### PROBLEM
From the listing below, reproduce exactly the lines starting with the one with "中午12点半,基础教学部党员" and going on through the one with "The Serrate redefines", both ends kept. No picture is copied.

### INPUT RECORDS
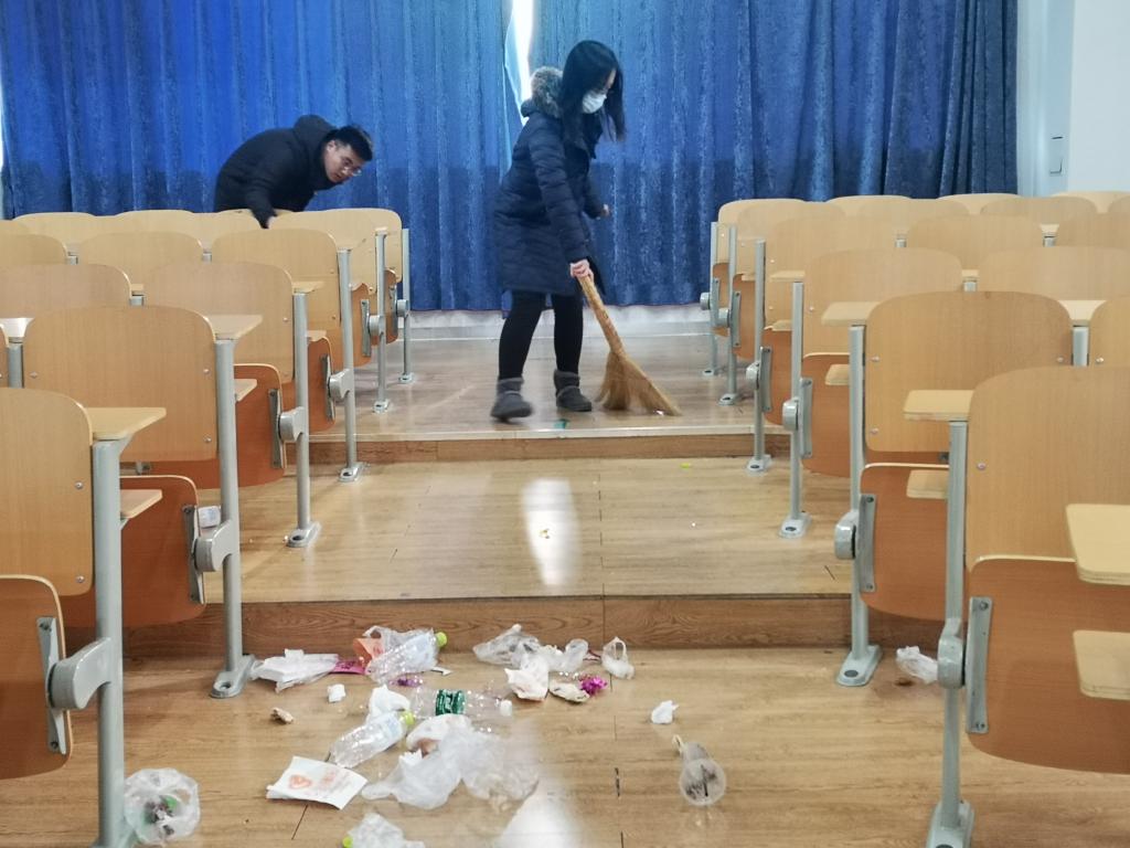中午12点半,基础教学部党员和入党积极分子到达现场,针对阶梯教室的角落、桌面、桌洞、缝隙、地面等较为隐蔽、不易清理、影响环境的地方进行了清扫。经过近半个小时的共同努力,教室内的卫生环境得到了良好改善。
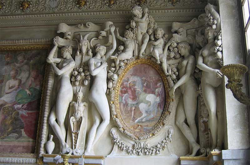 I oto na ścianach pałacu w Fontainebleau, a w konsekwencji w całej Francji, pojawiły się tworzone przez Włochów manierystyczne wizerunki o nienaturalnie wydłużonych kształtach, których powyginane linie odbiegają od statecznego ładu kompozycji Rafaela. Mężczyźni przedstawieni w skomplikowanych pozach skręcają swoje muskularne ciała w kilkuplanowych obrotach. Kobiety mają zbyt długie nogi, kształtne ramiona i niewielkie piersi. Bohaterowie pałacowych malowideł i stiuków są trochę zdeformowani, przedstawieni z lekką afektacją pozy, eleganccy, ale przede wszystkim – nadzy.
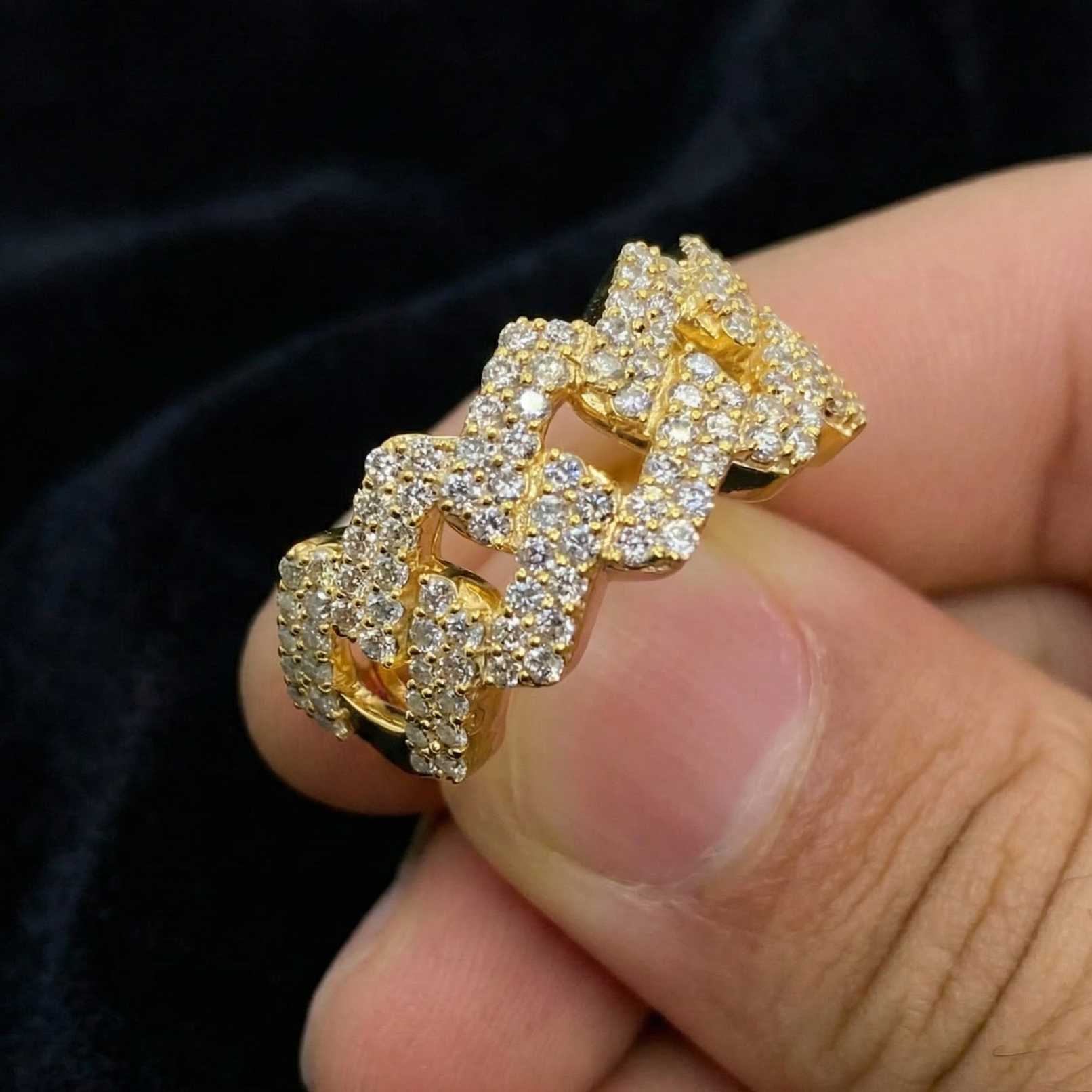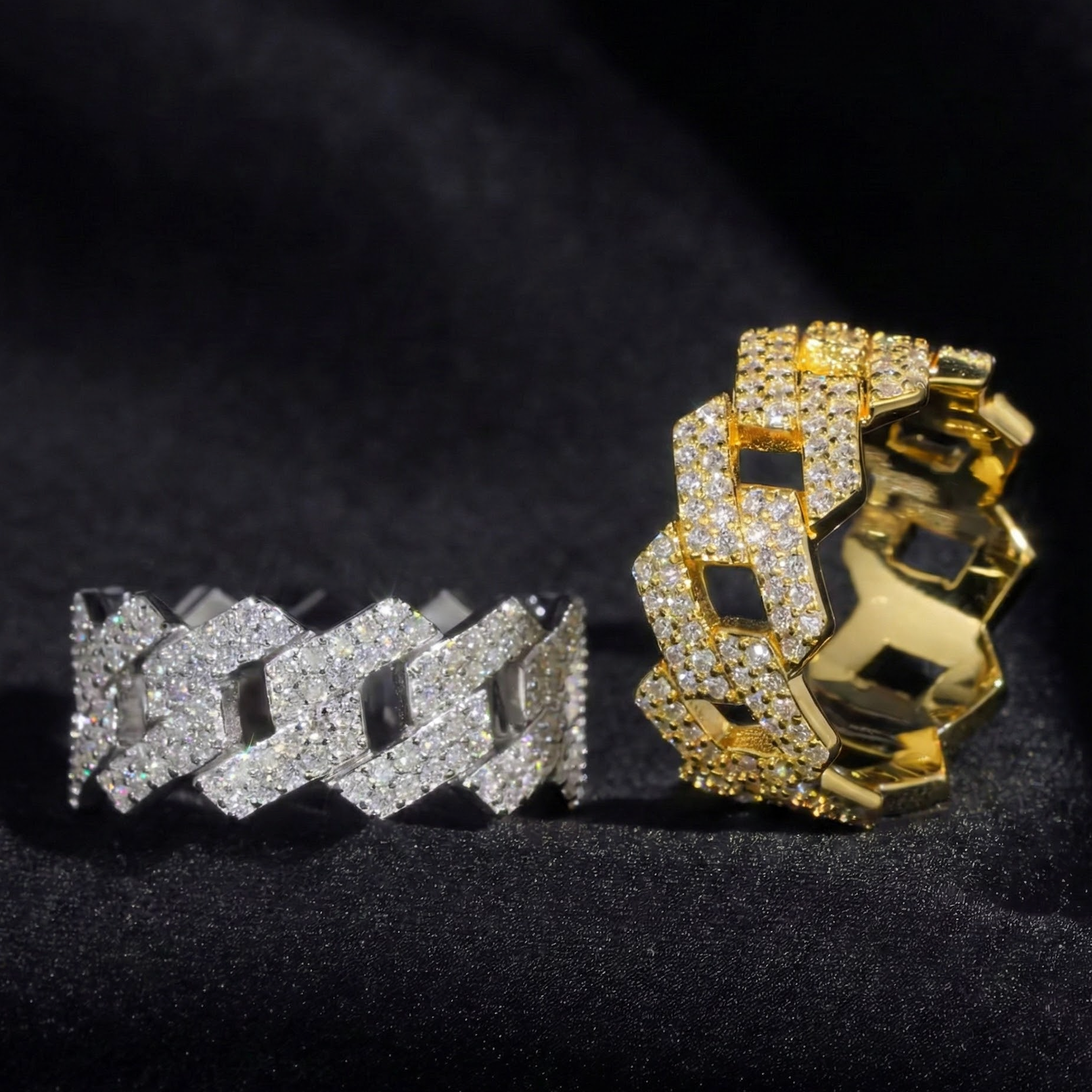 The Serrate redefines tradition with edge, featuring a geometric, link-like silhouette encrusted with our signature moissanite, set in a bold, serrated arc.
---
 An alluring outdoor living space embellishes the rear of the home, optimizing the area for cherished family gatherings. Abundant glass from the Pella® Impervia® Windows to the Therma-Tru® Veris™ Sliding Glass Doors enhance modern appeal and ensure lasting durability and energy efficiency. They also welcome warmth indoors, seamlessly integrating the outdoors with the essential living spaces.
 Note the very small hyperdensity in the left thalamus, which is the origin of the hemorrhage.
...
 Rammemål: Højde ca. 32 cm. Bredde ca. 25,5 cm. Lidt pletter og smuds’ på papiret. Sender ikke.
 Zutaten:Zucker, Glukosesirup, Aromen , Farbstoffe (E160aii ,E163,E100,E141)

### RESPONSE
中午12点半,基础教学部党员和入党积极分子到达现场,针对阶梯教室的角落、桌面、桌洞、缝隙、地面等较为隐蔽、不易清理、影响环境的地方进行了清扫。经过近半个小时的共同努力,教室内的卫生环境得到了良好改善。
 I oto na ścianach pałacu w Fontainebleau, a w konsekwencji w całej Francji, pojawiły się tworzone przez Włochów manierystyczne wizerunki o nienaturalnie wydłużonych kształtach, których powyginane linie odbiegają od statecznego ładu kompozycji Rafaela. Mężczyźni przedstawieni w skomplikowanych pozach skręcają swoje muskularne ciała w kilkuplanowych obrotach. Kobiety mają zbyt długie nogi, kształtne ramiona i niewielkie piersi. Bohaterowie pałacowych malowideł i stiuków są trochę zdeformowani, przedstawieni z lekką afektacją pozy, eleganccy, ale przede wszystkim – nadzy.
 The Serrate redefines tradition with edge, featuring a geometric, link-like silhouette encrusted with our signature moissanite, set in a bold, serrated arc.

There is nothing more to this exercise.